These are the key concepts you need to understand to accurately answer the question.

Marginal Distribution

The concept of marginal distribution is essential in understanding the behavior of a single random variable within a joint probability distribution. To find the marginal distribution of a random variable, we sum over all possible values of the other variable. This isolates the random variable we're interested in.

For instance, consider a joint probability mass function (PMF) with variables \(X\) and \(Y\).
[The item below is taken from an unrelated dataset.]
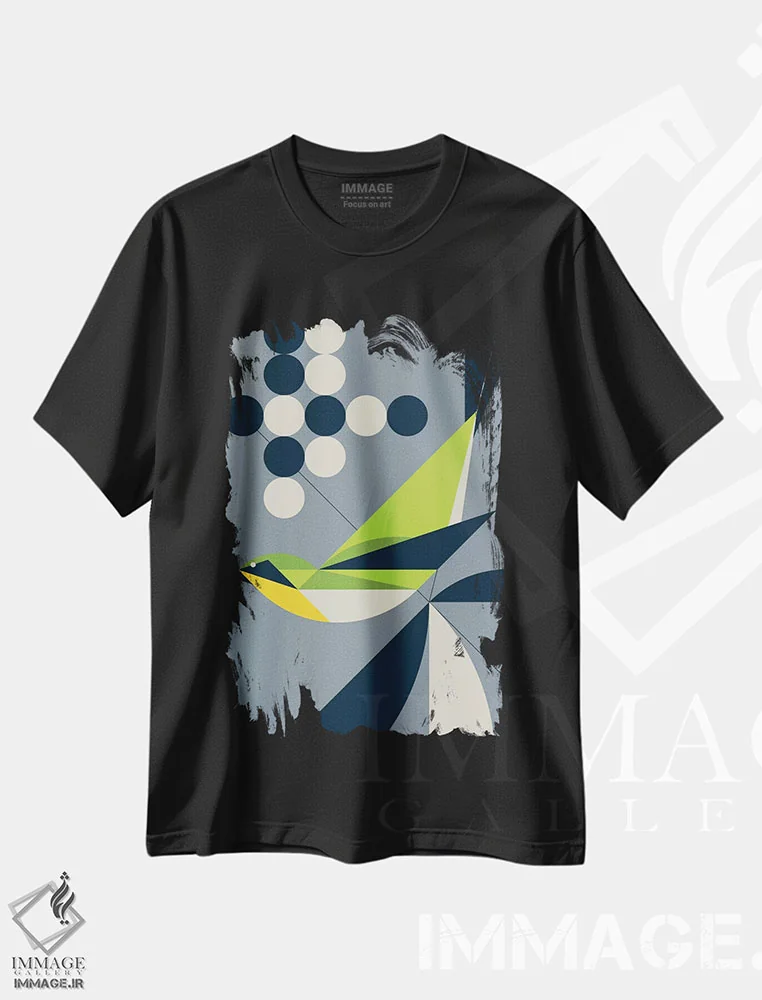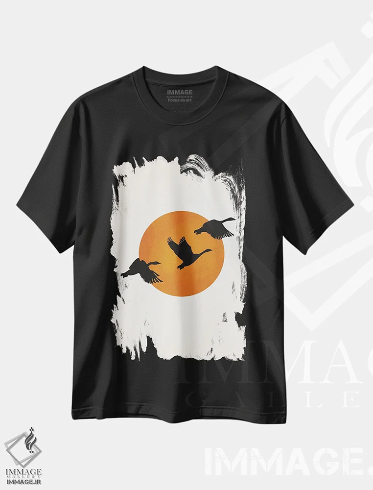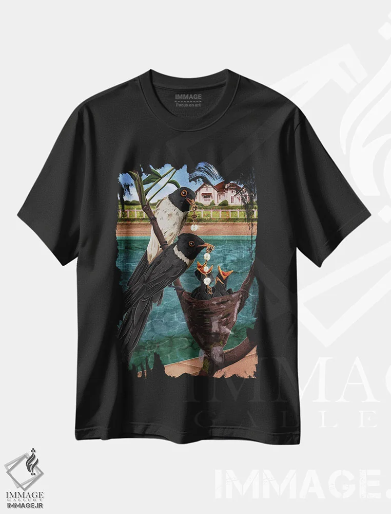 تیشرت مشکی طرح دار پرستو، هنر دیجیتال اثر کلر وست وود | فروشگاه ایماژ تیشرت طرح دار پرستو اثر کلر وست وود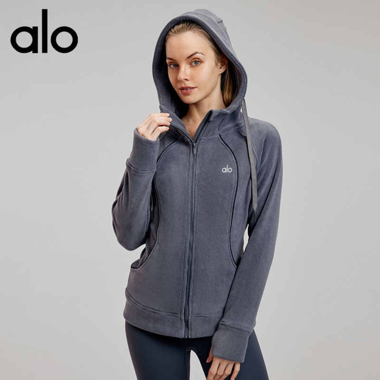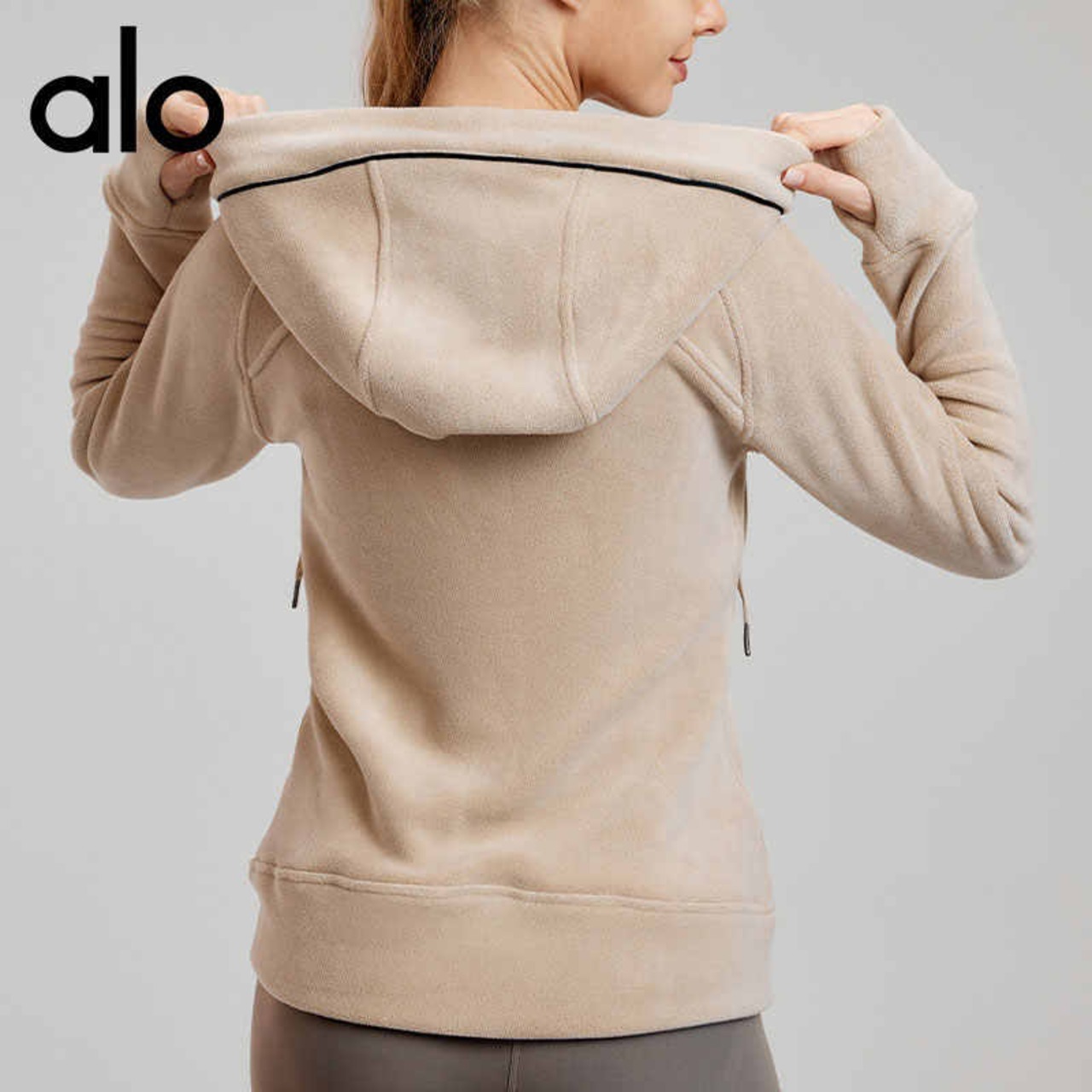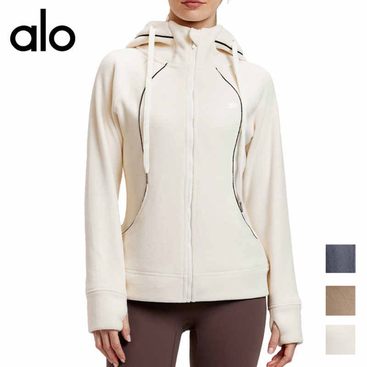 Alo Yoga アロヨガ ジャケット フィットネス トレーニング 秋冬 裹起毛 ヨガ フード付き トップス 防寒 ランニング ジッパー パーカー スポーツ 長袖 レディース ネイビー カーキ ホワイト

To find the marginal distribution of \(X\), we sum the probabilities of all combinations of \(Y\) for each \(X\):

• \(P(X = -1) = \frac{1}{8}\)
• \(P(X = -0.5) = \frac{1}{4}\)
• \(P(X = 0.5) = \frac{1}{2}\)
• \(P(X = 1) = \frac{1}{8}\)

This tells us the standalone probability distribution of \(X\), which is useful in understanding how \(X\) behaves regardless of \(Y\).

Conditional Probability

Conditional probability helps us determine the likelihood of an event occurring given that another event has already occurred. It’s calculated using the formula:\[P(A | B) = \frac{P(A \cap B)}{P(B)}\]where \(P(A \cap B)\) is the probability of both events occurring, and \(P(B)\) is the probability of the given event.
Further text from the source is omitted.